Why not in our backyard?
I was disappointed that Roger Marolt, a longtime local whose roots go back to early Aspen, would not appreciate Aspen’s hydroelectric heritage (“A monument to construction, a detriment to rivers,” Opinion, Oct. 12, The Aspen Times).
Roger’s dad, Max, worked with me on “the flume gang” when we were “young bucks” in high school. The flumes supplied water to the hydroelectric plant on Castle Creek. Our jobs were part time and only in the summer, but did we ever have fun working on the wood flumes, supplying water to the power plant.

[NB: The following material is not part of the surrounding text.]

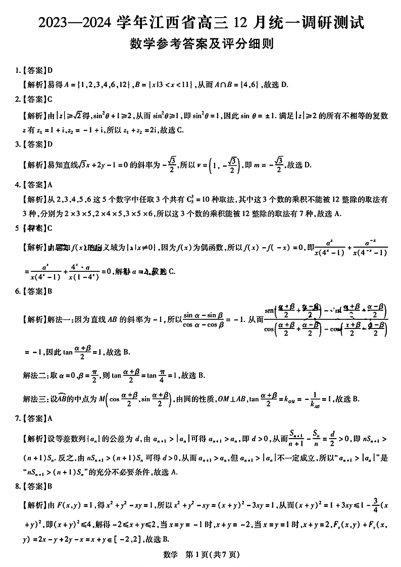 江西省2023-2024学年高三上学期12月统一调研测试 数学答案

Max went on to become famous, as an international ski racer, while I spent time as the plant operator at the old Castle Creek Power House. Both of us have a long family history in Aspen. Roger continues his family’s tradition in skiing and community involvement. I am proud to call him a friend, and both of us, as longtime Aspenites, want to protect our Aspen streams. However, I am disappointed that Roger does not recognize the benefits of the clean and renewable energy that will be generated by the restoration of the Castle Creek Power Plant.
Roger, why would you not want Aspen to be a leader in clean energy? You mention solar in Death Valley and wind in Denmark. But no hydropower in Colorado! Why not? Why not in our backyard?
Should the grid fail, how do you plan to get the power from West Texas? Be it a weather event or an act of man, the cord to the grid can be pulled. So Roger, keep your flashlight handy!
You infer that clean hydro will be detrimental to our streams. This is an assertion that is without any basis in fact or historic documentation. Roger, having operated the Castle Creek Power Plant, I can assure you that we did not deplete the streams and your dad and I caught some very big trout in both the Thomas Reservoir and the “tail race”
discharge of the Castle Creek Power Plant.
As you know, Roger, the Aspen Skiing Co. has made lots of snow with water diverted from both Castle and Maroon creeks over these many years. A very nice amenity for our Aspen skiers and visitors, especially in a poor snow year! So, Roger This! – “Think globally and act locally!” and vote “yes” on 2C !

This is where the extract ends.